I'm trying to find the repeated ids based on the first day's value.
For example, I have records for 4 days:
import pandas as pd
df = pd.DataFrame({'id':['1','2','5','4','2','3','5','4','2','5','2','3','3','4'],
'class':['1','1','0','0','1','1','1','1','0','0','0','0','1','1'],
'day':['1','1','1','1','1','1','1','2','2','3','3','3','4','4']})
df
Given the above data, I'd like to find the records that fit the following conditions: (1) all the records in day=1 that has class = 0; (2) On day 2, 3, 4, keep the records if the id satisfies condition (1)--have class=0 on day 1
So the results should be:
df = pd.DataFrame({'id':['5','4','4','5','4'],
'class':['0','0','1','0','1'],
'day':['1','1','2','3','4']})
df
This method would work:
# 1. find unique id in day 1 that meet condition (1)

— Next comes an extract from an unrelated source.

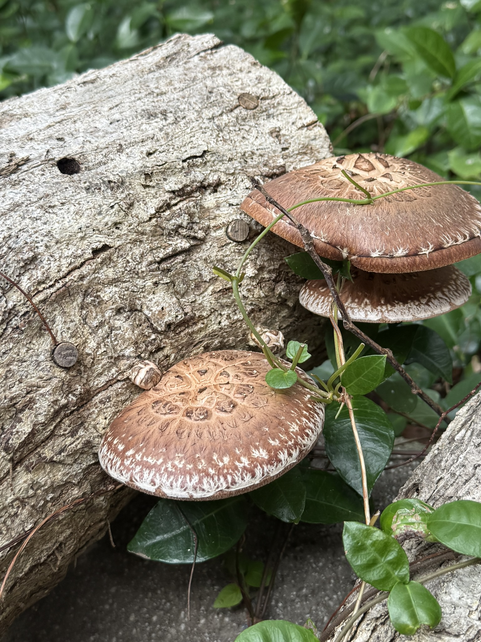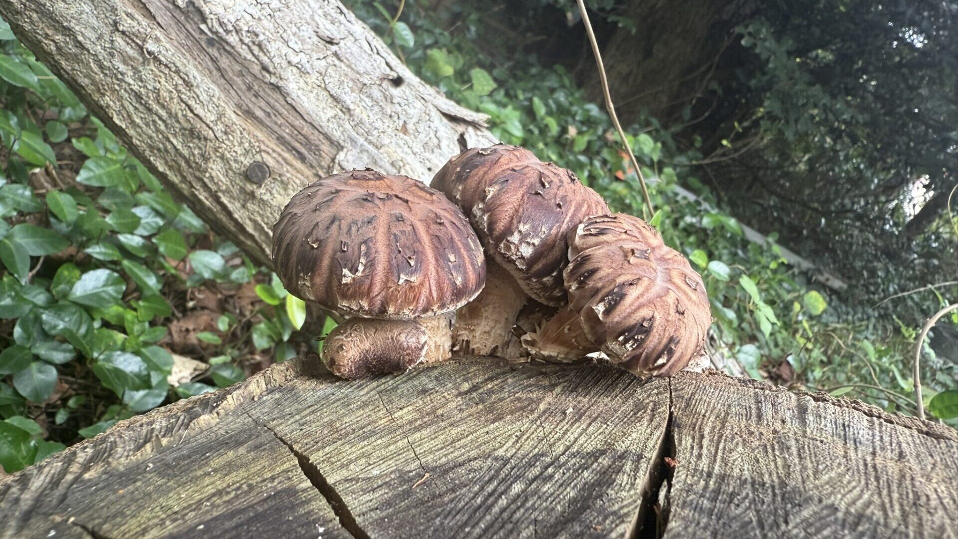基本は完全天然物ではなく、島の椎の木からほだ木を作り、菌種をコマ打ちをして育てたものを食べています。
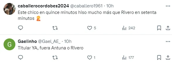 De esta manera, la afición cementera no dudó en pedir de inmediato la titularidad de su canterano. Incluso, sin importar que quien tenga que ir a la banca para cederle su lugar sea uno de los grandes referentes en el cuadro de Martín Anselmi: Uriel Antuna.

df1 = df[(df['day']=='1') & (df['class']=='0')]
df1_id = df1.id.unique()
# 2. create a new dataframe for day 2,3,4
df234=df[df['day']!='1']
# 3. create a new dataframe for day2,3,4 that contains the id in the unique list
df234_new = df234[df234['id'].isin(df1_id)]
#4. append df234_new at the end of df1
df_new = df1.append(df234_new)
df_new
But my full dataset contains way more columns and rows, using the above method sound too tedious. Does anyone know how to do it more efficiently? Thank you very much!!